SynapseLLM: A Finetuned Mistral 7B Model
SynapseLLM, developed by WebraftAI, is a 7 billion parameter, decoder-only transformer model finetuned from Mistral 7B v0.1. This model is designed to excel in code generation and general question-answering scenarios, leveraging a custom dataset of 1.54 million rows. The training data includes 361k Maths Instruct Q/A, 143k GPT-3.5 Q/A, 140k General Code, 63k Python code, and 900k General Q/A generated via GPT-4.
Key Capabilities & Features
- Specialized Finetuning: Optimized for both code and chat-based Q/A instructions.
- Mistral-based Architecture: Utilizes the efficient Mistral 7B v0.1 as its base.
- Apache 2.0 License: Allows for broad usage and distribution.

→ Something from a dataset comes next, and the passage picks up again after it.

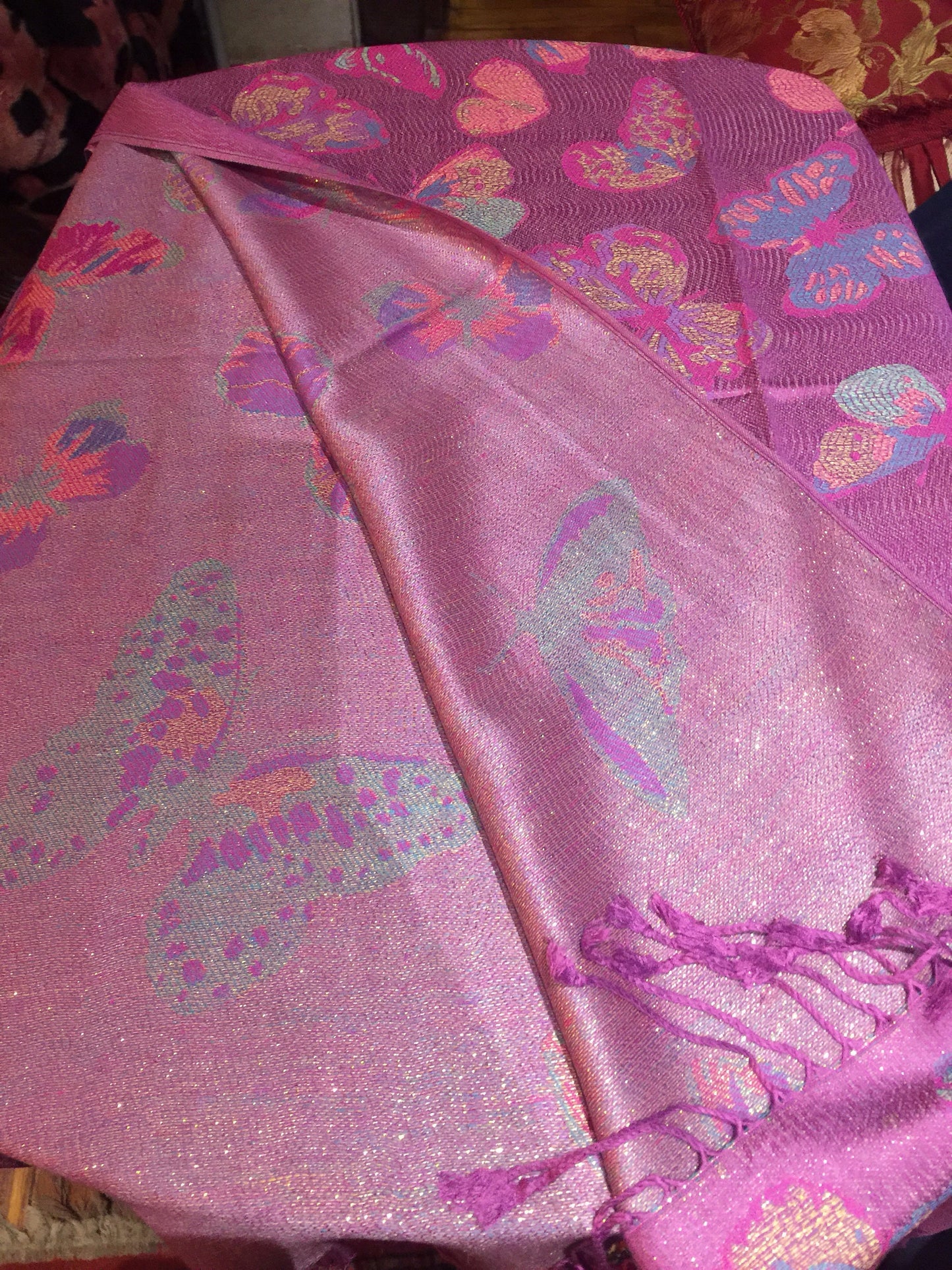 Nemesis Vintage Purple Gold Butterfly Brocade Pashmina Scarf Wrap

- Prompt Format: Adheres to the standard Mistral instruct prompt format.
Performance & Limitations
Evaluations on the Open LLM Leaderboard show an average score of 55.93. Specific scores include 75.54 on HellaSwag (10-Shot) and 73.09 on Winogrande (5-shot), while GSM8k (5-shot) scored 27.60. Users should be aware of potential biases, including the possibility of factually incorrect outputs, lack of system prompt adherence, and no inherent memory. Researchers can experiment with external memory integration.
Ideal Use Cases
This model is particularly well-suited for applications requiring:
- Code generation and completion.
- Instruction-following for general Q/A.
- Mathematical problem-solving in a Q/A format.